- _TASK INSTRUCTIONS_
Here the job is to transcribe the data exactly while omitting the images.

───

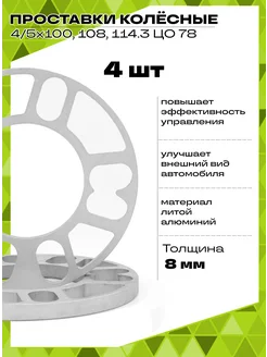 Проставки ступичные универсальные 8мм 4-5х100 108 114.3
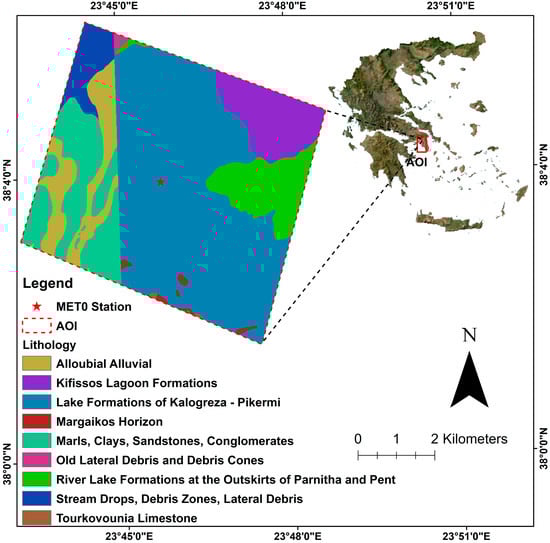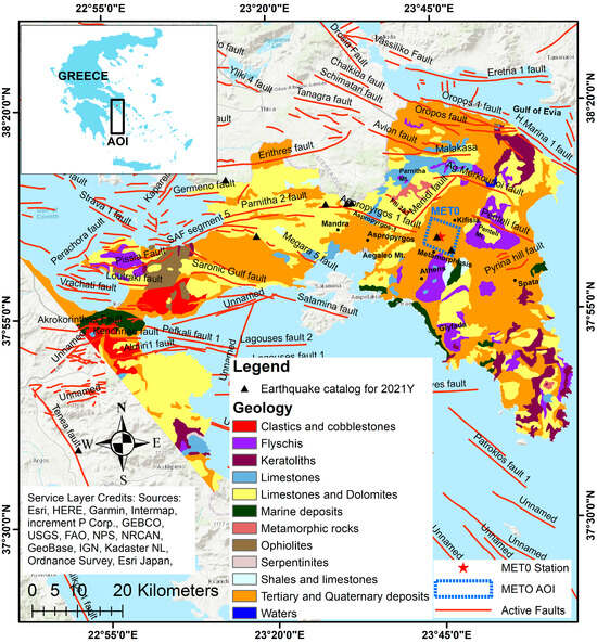 Map of the AOI and geology of Attica and the Corinth Canal. The area investigated, MET0, is highlighted on the map. The active faults highlighted on this map are from the National Observatory of Athens (NOA) database [49].
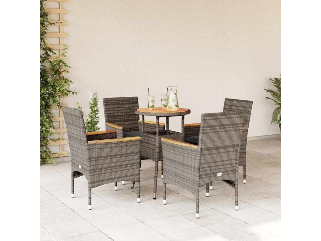 5dílný zahradní jídelní set s poduškami šedý polyratan a akácie 3278720
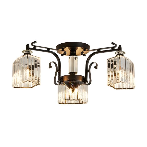 Contemporary Crystal Semi Flush Mount Chandelier, Black Metal Ceiling Light with Geometric Prisms - Black 110V-120V 3
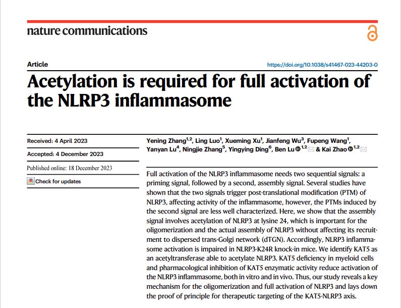 本项目发现了乙酰转移酶KAT5介导的NLRP3第24位赖氨酸(K24)乙酰化是NLRP3炎性小体活化启动的关键开关,为NLRP3炎性小体的启动机制提供了重要研究思路,也是炎症的发生发展机制的进一步延伸,同时本项目还为相关炎症疾病的治疗提供了新的靶点。该成果发表于Nat Commun。
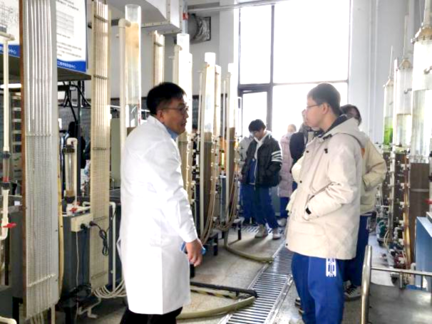在环境与市政工程学院,副院长王喆和实验中心主任赵连梅、副主任高富老师带领来访师生分别参观了学院大型仪器平台,实训中心给水排水处理装置、膜清洗设备以及环境学院虚拟仿真实验室,围绕设备的工作原理和应用场景两个方面与同学们互动,为同学们答疑解惑,极大地激发了学生们对环境领域相关专业的兴趣。
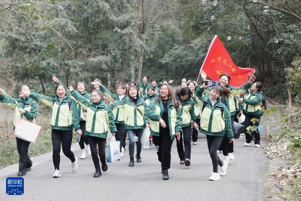 3月8日,贵州省黔东南苗族侗族自治州施秉县晨阳幼儿园的女老师在参加户外活动。
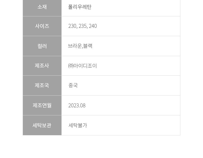 1. 제품 소재 (운동화인 경우에는 겉감, 안감을 구분하여 표시) | 상세페이지 참조 |
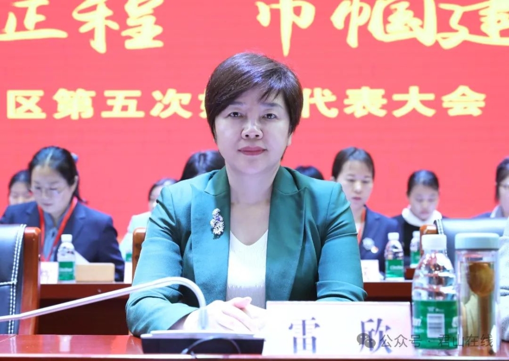 11月15日,区委书记雷欣出席君山区第五次妇女代表大会并讲话,市妇联党组书记、主席喻飞跃受邀前来指导,区委副书记、区委统战部部长田军主持,区领导陈可娟、张洁、杨再兴及全区各界正式妇女代表共143人参加。
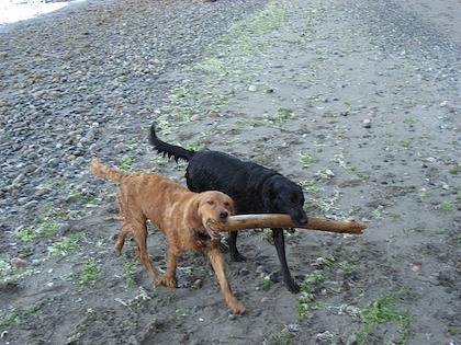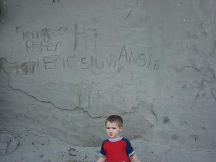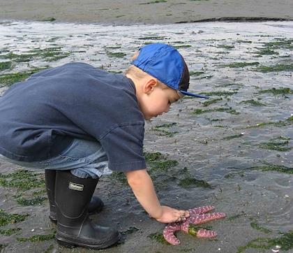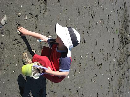 Collecting treasures on the beach - every shell, broken or not, was destined for Kenny's bucket
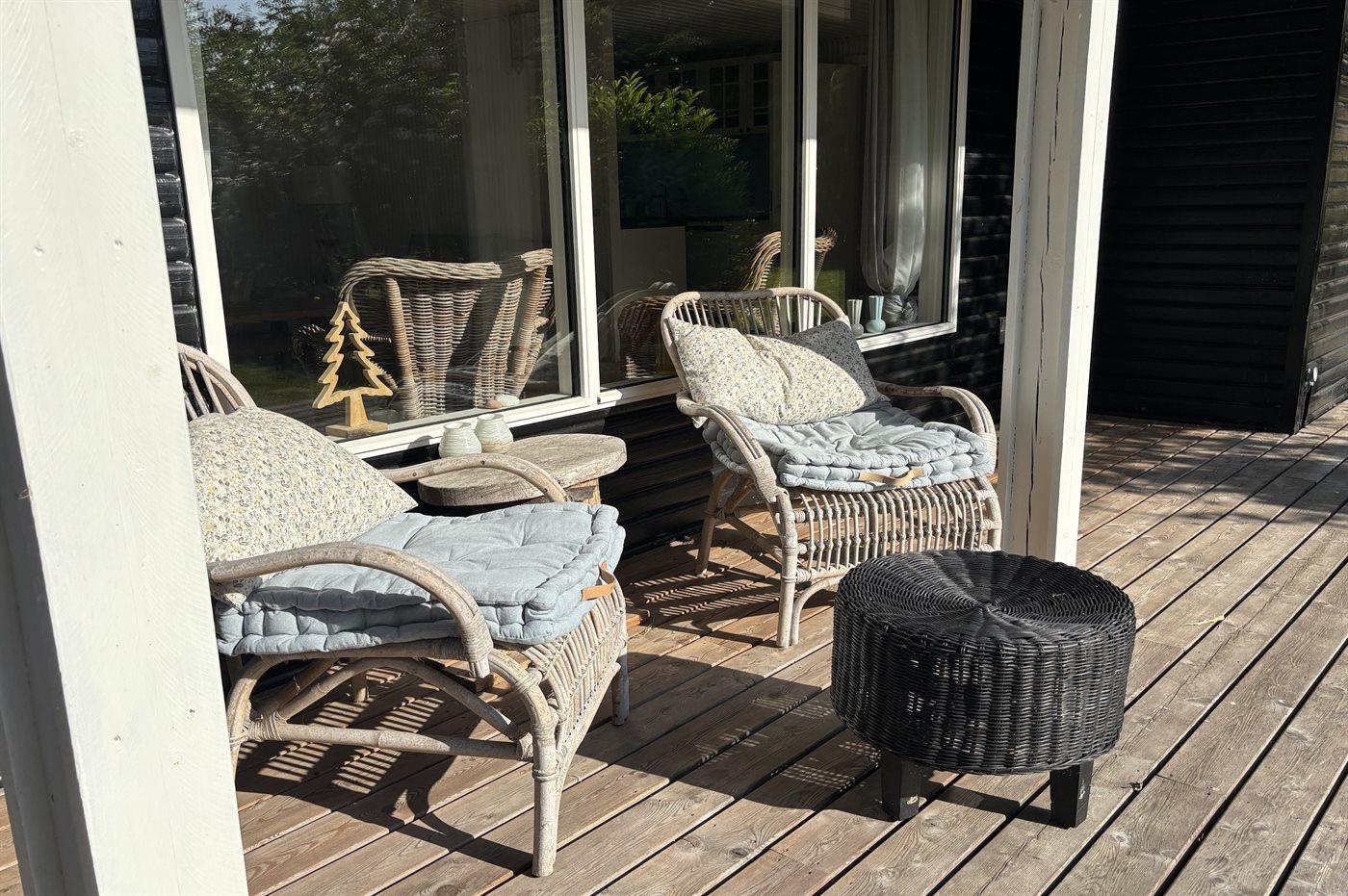 Ferieboligen er beliggende på en 1287 m² stor havegrund. Der er 400 m til havet. Der er en sø i en afstand af 20 m. Nærmeste forretning er beliggende i en afstand af 1500 m. Til ferieboligen hører 90 m² terrasseareal. Desuden er der 45 m² overdækket terrasse. Bålsted. Gasgrill står til rådighed. Parkering ved ferieboligen.
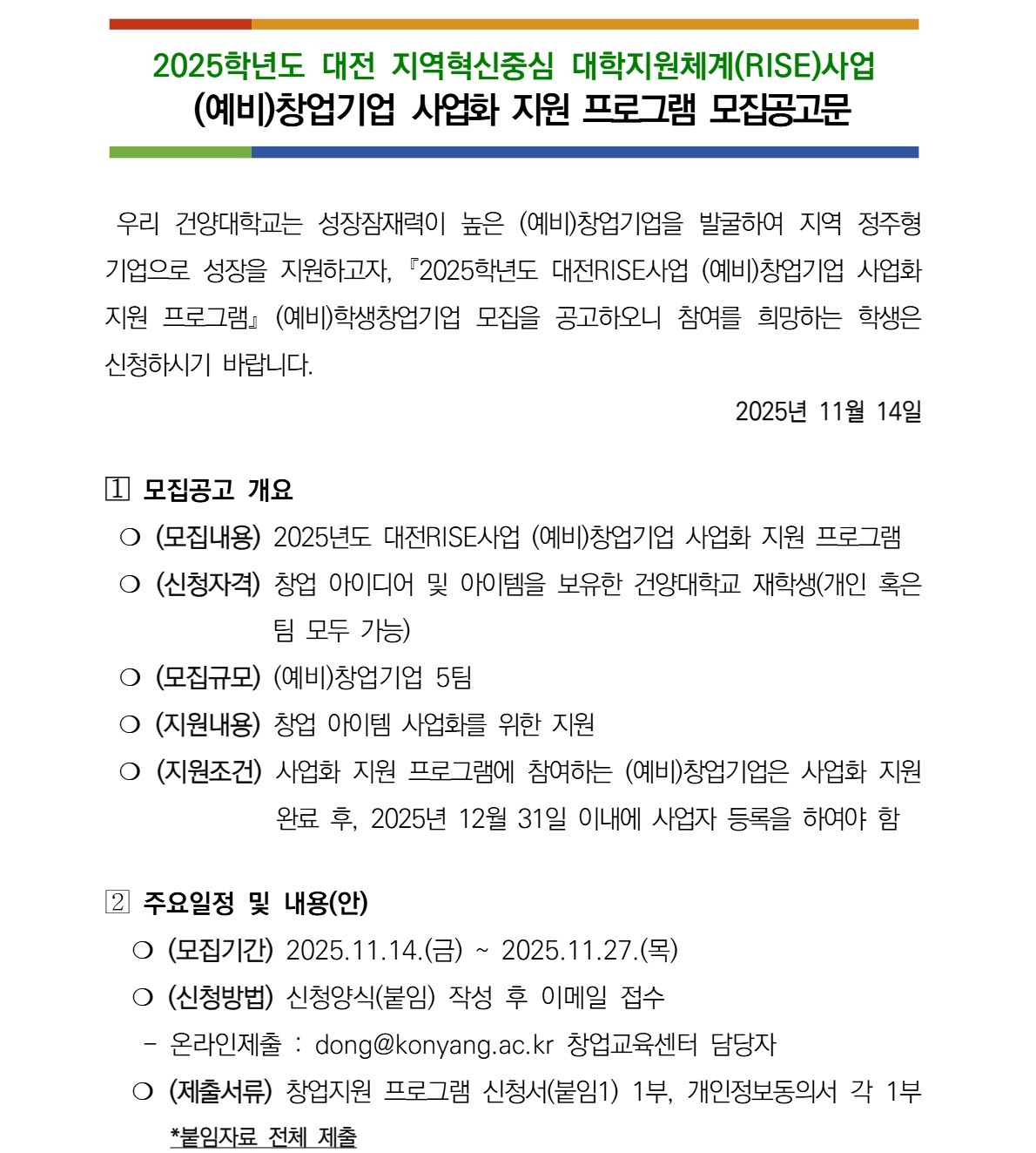 | 제목 | 2025학년도 대전RISE 창업 사업화지원 프로그램 모집 공고 | ||||
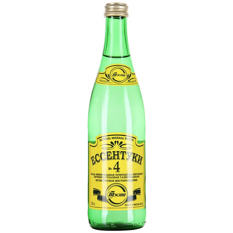 Минеральная лечебно - столовая вода «Ессентуки № 4» известна благотворительным влиянием на функциональное состояние желудочнокишечного тракта. Глубина скважины – 998, 9 м. Температура воды – от 41 ° до 45 ° C. Группа XXVa хлоридно-гидрокарбонатная (гидрокарбонатно-хлоридная) натриевая, борная. Приём минеральной лечебно-столовой воды «Ессентуки № 4» улучшает кислотообразующую функцию желудка, двигательную функцию всего желудочно-кишечного тракта, улучшает обменный процесс в организме, функции печени, поджелудочной железы, желчевыводящих и мочевыводящих путей. Улучшает общее состояние людей с заболеваниями желчевыводящих путей и поджелудочной железы, с хроническими гастритами, язвенной болезнью желудка и двенадцатиперстной кишки, хроническим колитом. Проводит полное очищение организма от шлаков, оказывает желчегонное и мочегонное действие.
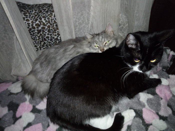 Живут у меня две шерстяные грелки. Тот, что сверху, черномазенький, с двухнедельного возраста воспитывался тем, что снизу, буквально грудью его вскормил. Мелкий наминал ему пузо в поисках сиськи, а тот кайфовал.
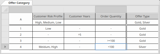 In this example the order of the rules has been defined to facilitate the readability of the table, making the logic more transparent. Notice that the first three rules have the same outcome and have been ordered to make the logic of the table more transparent.
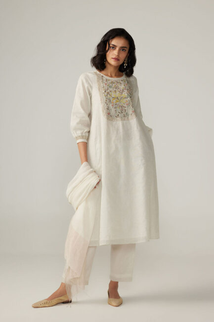 Ivory Kusum Applique Kurta Set

───

- _TASK RESULT_
 Проставки ступичные универсальные 8мм 4-5х100 108 114.3
 Map of the AOI and geology of Attica and the Corinth Canal. The area investigated, MET0, is highlighted on the map. The active faults highlighted on this map are from the National Observatory of Athens (NOA) database [49].
 5dílný zahradní jídelní set s poduškami šedý polyratan a akácie 3278720
 Contemporary Crystal Semi Flush Mount Chandelier, Black Metal Ceiling Light with Geometric Prisms - Black 110V-120V 3
 本项目发现了乙酰转移酶KAT5介导的NLRP3第24位赖氨酸(K24)乙酰化是NLRP3炎性小体活化启动的关键开关,为NLRP3炎性小体的启动机制提供了重要研究思路,也是炎症的发生发展机制的进一步延伸,同时本项目还为相关炎症疾病的治疗提供了新的靶点。该成果发表于Nat Commun。
在环境与市政工程学院,副院长王喆和实验中心主任赵连梅、副主任高富老师带领来访师生分别参观了学院大型仪器平台,实训中心给水排水处理装置、膜清洗设备以及环境学院虚拟仿真实验室,围绕设备的工作原理和应用场景两个方面与同学们互动,为同学们答疑解惑,极大地激发了学生们对环境领域相关专业的兴趣。
 3月8日,贵州省黔东南苗族侗族自治州施秉县晨阳幼儿园的女老师在参加户外活动。
 1. 제품 소재 (운동화인 경우에는 겉감, 안감을 구분하여 표시) | 상세페이지 참조 |
 11月15日,区委书记雷欣出席君山区第五次妇女代表大会并讲话,市妇联党组书记、主席喻飞跃受邀前来指导,区委副书记、区委统战部部长田军主持,区领导陈可娟、张洁、杨再兴及全区各界正式妇女代表共143人参加。
 Collecting treasures on the beach - every shell, broken or not, was destined for Kenny's bucket
 Ferieboligen er beliggende på en 1287 m² stor havegrund. Der er 400 m til havet. Der er en sø i en afstand af 20 m. Nærmeste forretning er beliggende i en afstand af 1500 m. Til ferieboligen hører 90 m² terrasseareal. Desuden er der 45 m² overdækket terrasse. Bålsted. Gasgrill står til rådighed. Parkering ved ferieboligen.
 | 제목 | 2025학년도 대전RISE 창업 사업화지원 프로그램 모집 공고 | ||||
 Минеральная лечебно - столовая вода «Ессентуки № 4» известна благотворительным влиянием на функциональное состояние желудочнокишечного тракта. Глубина скважины – 998, 9 м. Температура воды – от 41 ° до 45 ° C. Группа XXVa хлоридно-гидрокарбонатная (гидрокарбонатно-хлоридная) натриевая, борная. Приём минеральной лечебно-столовой воды «Ессентуки № 4» улучшает кислотообразующую функцию желудка, двигательную функцию всего желудочно-кишечного тракта, улучшает обменный процесс в организме, функции печени, поджелудочной железы, желчевыводящих и мочевыводящих путей. Улучшает общее состояние людей с заболеваниями желчевыводящих путей и поджелудочной железы, с хроническими гастритами, язвенной болезнью желудка и двенадцатиперстной кишки, хроническим колитом. Проводит полное очищение организма от шлаков, оказывает желчегонное и мочегонное действие.
 Живут у меня две шерстяные грелки. Тот, что сверху, черномазенький, с двухнедельного возраста воспитывался тем, что снизу, буквально грудью его вскормил. Мелкий наминал ему пузо в поисках сиськи, а тот кайфовал.
 In this example the order of the rules has been defined to facilitate the readability of the table, making the logic more transparent. Notice that the first three rules have the same outcome and have been ordered to make the logic of the table more transparent.
 Ivory Kusum Applique Kurta Set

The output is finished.